Userspace-offload overhead
can be expensive. not true : userspace == fast
many of selection policies can be implemeted using linked lists
either exactly or approximately using linked lists, where the policy iterates over one or more lists and evicts items based on a calculated per-item score.
cgroup isolation
common pattern of deploying modern applications via containers: isolate each application in its own memory cgroup.
Eviction policies
S3-FIFO, Least Hit Density, Multi-Generational LRU, LFU, MRU, FIFO
Questions
customization can be dangerous when it happens with arbitary situation
maybe we can use it with memory allocation (something requires multiple policies)
it’s decades ago maybe there would be some changes that we can examine.
Thoughts.
there is no “one-size-fits-all” policy
there is no one-size-fits-all policy that improves all workloads – customization is necessary to maximize performance. -> maybe this one also helps our ideas too. only controlling core and let cache and membw freely is not okay.
Better finishing OS textbook… my file system knowledge is not enough
the kernel provides madvise() and fadvise() system calls.
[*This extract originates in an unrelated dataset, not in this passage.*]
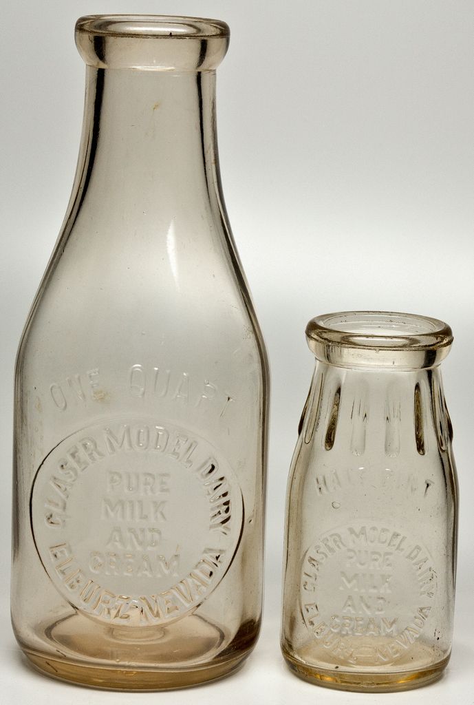 Lot of 2. 1) Half pint, some wear including minor stains. 2) One quart some wear including minor stains. Both slug plates read “Glaser Model Dairy Elburz Nevada. Pure Milk and Cream.” - Ferraro Collection -59349

These interfaces allow userspace applications to give hints to the kernel about how to handle certain ranges of memory or files.
But I think I read that in most case LRU works in real world situation. HHmmmmmmmm
with chatgpt, now there is literally no excuse that saying “I couldn’t understand the paper”.. hahaha
Finding a blank space in academia & doing good implemention
so it’s not like new idea. everyone knows linux’s single LRU eviction strategy, and there were tries with eBPF. But they failed handling heterogeniousity or not handling page cache eviction.
so they implemented the layer to link eBPF and customed eviction policy management, kinda from scratch using struct_ops and kfuncs.
eBPF is relatively new tech. And i guess it would be quite recent that LRU really doesn’t severely work well. (actually i still a bit doubt but anyway…) Guess they succeed to catch the right timing and made a good implementation.